## What is being asked
The answer is a stretch of the material below, returned exactly: the line containing "Yoink[22] 是收费应用,平时 50", the line containing "Väl anvand väska", and all lines between.

## Data
***
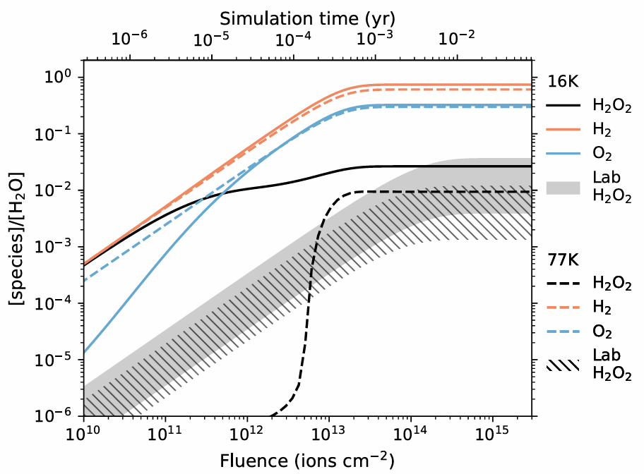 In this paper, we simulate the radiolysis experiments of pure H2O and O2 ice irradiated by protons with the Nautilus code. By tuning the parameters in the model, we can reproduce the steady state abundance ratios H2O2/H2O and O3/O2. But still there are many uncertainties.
***
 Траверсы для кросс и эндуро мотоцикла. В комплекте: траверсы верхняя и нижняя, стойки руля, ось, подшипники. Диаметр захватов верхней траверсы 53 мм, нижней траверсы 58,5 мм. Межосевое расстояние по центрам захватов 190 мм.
***
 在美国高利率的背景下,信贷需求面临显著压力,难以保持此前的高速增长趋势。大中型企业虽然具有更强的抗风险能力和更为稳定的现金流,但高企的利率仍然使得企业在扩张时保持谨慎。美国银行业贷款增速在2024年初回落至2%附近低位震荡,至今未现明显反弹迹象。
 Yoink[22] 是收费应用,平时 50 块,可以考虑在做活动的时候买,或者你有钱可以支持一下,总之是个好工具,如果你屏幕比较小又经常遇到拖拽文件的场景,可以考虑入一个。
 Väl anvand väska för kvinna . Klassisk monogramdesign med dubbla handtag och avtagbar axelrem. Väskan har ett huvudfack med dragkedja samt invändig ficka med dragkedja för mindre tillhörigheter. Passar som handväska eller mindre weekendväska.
***
## Answer section
 Yoink[22] 是收费应用,平时 50 块,可以考虑在做活动的时候买,或者你有钱可以支持一下,总之是个好工具,如果你屏幕比较小又经常遇到拖拽文件的场景,可以考虑入一个。
 Väl anvand väska för kvinna . Klassisk monogramdesign med dubbla handtag och avtagbar axelrem. Väskan har ett huvudfack med dragkedja samt invändig ficka med dragkedja för mindre tillhörigheter. Passar som handväska eller mindre weekendväska.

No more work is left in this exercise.